Надо было идти к Рафику. Никто не знал, как это мне не по нутру. Рафик из тех людей, которые ни одного доброго дела не могут сделать просто так, без расчета на ответ, без «два пишем, один в уме». Нет, не вульгарно «товар – товар», а в смысле лобызания своего благородства, вымогательства, дружбы, ощущения вечной благодарности итак далее. Все добрые дела Рафика надо хорошо помнить. Это нудно, но ничего не поделаешь, входит в правила игры. А я со своей расхлябанностью и ленью часто нарушал правила, вот же в чем дело. Этого никто не может понять, как ни объясняй. Надо знать Рафика, этого самодовольного сморчка, но в сущности добрейшего человека. Незадолго до того, как возникла проблема Меченова, я получил от Рафика большую работу, очень солидную, она заняла у меня потом полгода интенсивнейшего труда – спасибо ему по гроб жизни, thank you very much, как сказал бы наш обалдуй, – но вышло так, что, получив сию работу, я тут же исчез с Рафикова горизонта. Провалился. Схватил и уполз в нору. А где дружба? Где вечная благодарность? Вместо этого вдруг явлюсь с новой просьбой. Я отлынивал, искал другие возможности, но ничего не находилось, Рита и Кирилл наседали на меня – самым недопустимым было, конечно, то, что Кирилл посвящался во все секретные предприятия! Я много раз делал за это выговор Рите – и кончилось тем, что Рита, потеряв терпение, тайно от меня сама позвонила Рафику и встретилась с ним.

Помню, как однажды в июне она пришла вечером какая-то молчаливо-напряженная, с пятнами на лице – эти аллергические пятна всегда выдавали ее возбуждение – и вдруг объявила, что только что видела Рафика, все ему сказала и он все сделает. Она была на бегах, выиграла полтора рубля.

Оказывается, у Рафика был игровой день, он назначил встречу у метро «Динамо», откуда, разговаривая, дошли до ипподрома, и там уж она решила – «чтоб сделать ему приятное, потому что он сказал, что новичкам всегда везет» – пойти с ним на бега. Мудрейший шаг! Вначале он был сух, а расстались друзьями. Во-первых, он действительно выиграл. А во-вторых, она ему понравилась, это точно. Эге, матушка, да не пьяна ли ты? Нет, пила лишь воду, съела мороженое и два апельсина, угощал Рафик в буфете, но, в самом деле, она как будто пьяна. Потому что все замечательно удалось. Жалко, что он такой страшненький, такой уродушка-квазимодушка. Познакомил ее с какими-то дядьками, они целовали ей руку и говорили «мадам». Меченов его старый приятель, они из одного города, так что – дело в шляпе…

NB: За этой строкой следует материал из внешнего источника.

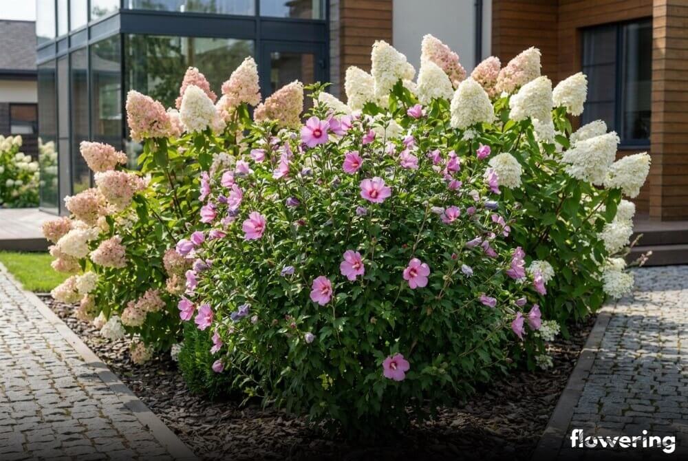 - Hortensje bukietowe: Ich białe lub różowiejące kwiatostany świetnie kontrastują z egzotycznymi kwiatami ketmii.

Кирилл ликовал: «Мать, ты гений!» Я испытывал неясное чувство. Конечно, хорошо, что дело сделано и, может быть, поможет нашему обалдую, но я представлял себе выражение лица Рафика, когда они встретились и Рита, покрываясь аллергической сыпью от волнения, бормотала первые слова. «Он был сух!» Слабо сказано. Надо знать Рафика. Он тут же решил, что я подослал ее, и, наверное, возмутился: «Какова скотина! Почему я должен без концаделать ему одолжения?» Но потом она его как-то размочила. Никаких подозрений, ни намека на ревность я не испытывал. Эти студенческие чувства теперь посещали меня довольно редко, так же, например, как желание поиграть в волейбол – у Риты было, кажется, то же самое, – и, кроме того, известно, что Рафик женщинами не интересуется. Всю эту историю я отнес к разряду Рафиковых чудачеств. Но там были еще какие-то дядьки, целовавшие ей руку и говорившие «мадам». И почему надо было торчать до последнего заезда?

В результате всего, как в сложной задаче, где много различных действий, делений, умножений и извлечений корня, осталось одно: чувство неловкости и возникшее отсюда раздражение.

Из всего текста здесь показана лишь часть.